Young people with guitars singing the Internationale in Yunnan. Shouts of “down with the Party” and “down with Xi Jinping” in Shanghai. Proclaims against “covid zero” in front of an elite university in Beijing. China is experiencing its biggest wave of protests in decades. The protesters’ request: eliminate the “zero covid” policy that has imposed harsh lockdowns and restrictions since the pandemic began in the country. At the beginning of the epidemic, as in the rest of the world, the closure of cities was seen as necessary. And in China, in terms of saving lives, it was more successful. But as the world got vaccinated and resumed normal life, the Chinese context began to seem more and more strange.

The young Chinese who are now protesting have seen for months how most of the world leads a normal life, while they cannot recover their social, economic and movement freedoms from before the pandemic. They can’t live a normal life or make money like before. Urumqi, the city where ten people died from a fire and the protests began, had been in semi-confinement for more than 100 days. Young and old, rich and poor, businessmen and workers, members and non-members of the Party have suffered from the “zero covid” policy. A national policy has created a national protest movement that no one expected in the country.

The protesters mostly ask for the end of the “zero covid”, although there are some cries asking for democracy or criticizing the Party. The young generation that is participating in this protest is more nationalistic and skeptical of the West than that of Tiananmen in 1989. But that does not prevent them from wanting more social freedoms and expression than they are today, although without calling for a change in model. For the Party this type of protest at the national level is new.

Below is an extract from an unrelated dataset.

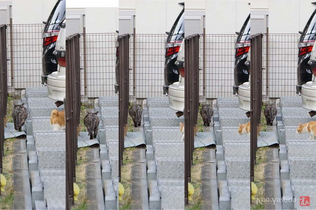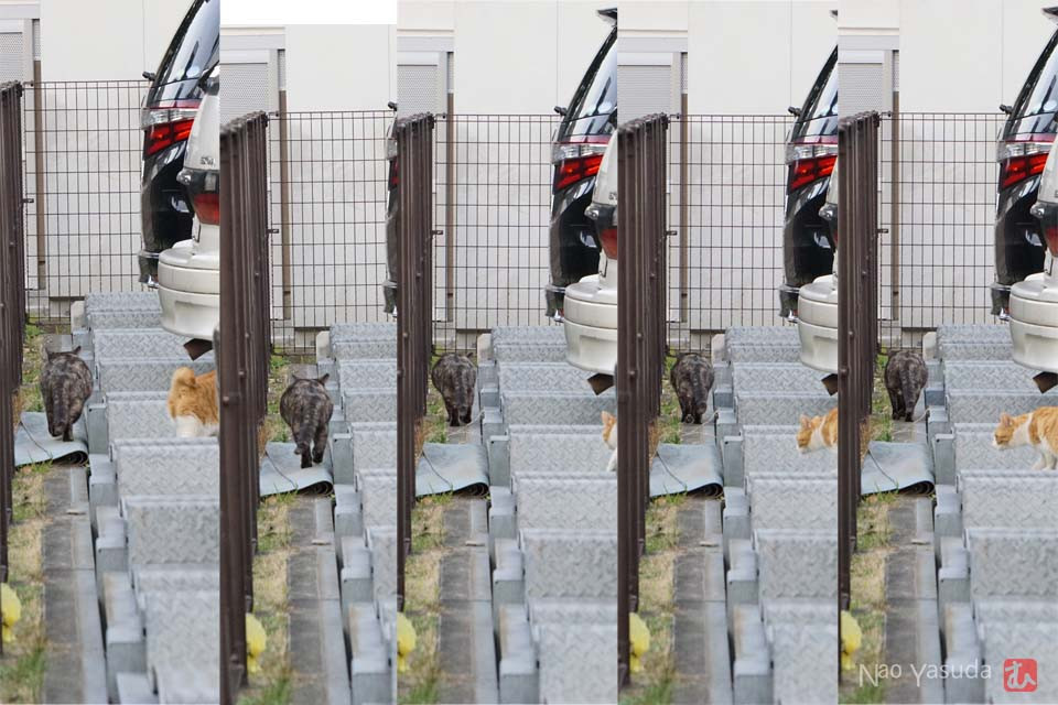 歩き続けるコワモテさんは途中で茶トラさんが来ないことに気がついて待ってあげる。

Normally, the Government has to deal with local outbreaks due to corruption, labor or environmental issues. He usually applies the carrot and stick strategy, arresting the leaders of the protests, while accepting part of the protesters’ demands. With the protests against the “zero covid” policy, this strategy is less feasible. On the one hand, due to the human cost that eliminating “covid zero” could have. A model of Nature It predicts around 1.5 million deaths and only one in 15 seriously ill can be treated in an ICU.

Beijing has not allowed the use of Western vaccines in the country (which have turned out to be more effective than Chinese ones) and has also not achieved high vaccination rates among the elderly. The scenario is serious. China is now passing 30,000 infections a day, the highest number since the pandemic began. Allowing the use of foreign mRNA vaccines and promoting an intense vaccination campaign among the elderly are necessary steps.

The response to the protests also has a political reading. The “zero covid” strategy is clearly associated with the national government and Xi Jinping. The criticism heard on the streets of China points in that direction. There have already been arrests and they will surely increase, but if the repression were more violent, that could create a rebound effect of attracting more protesters. Most of China is up to the minute through social networks about what is happening in the protests. The government can also expect the demonstrations to die down on their own, but that could convey that the Party turns a deaf ear to citizen demands. At the same time, if you agree to the protesters’ demands, this could embolden them to demand even more. There is no easy way out for the Chinese government.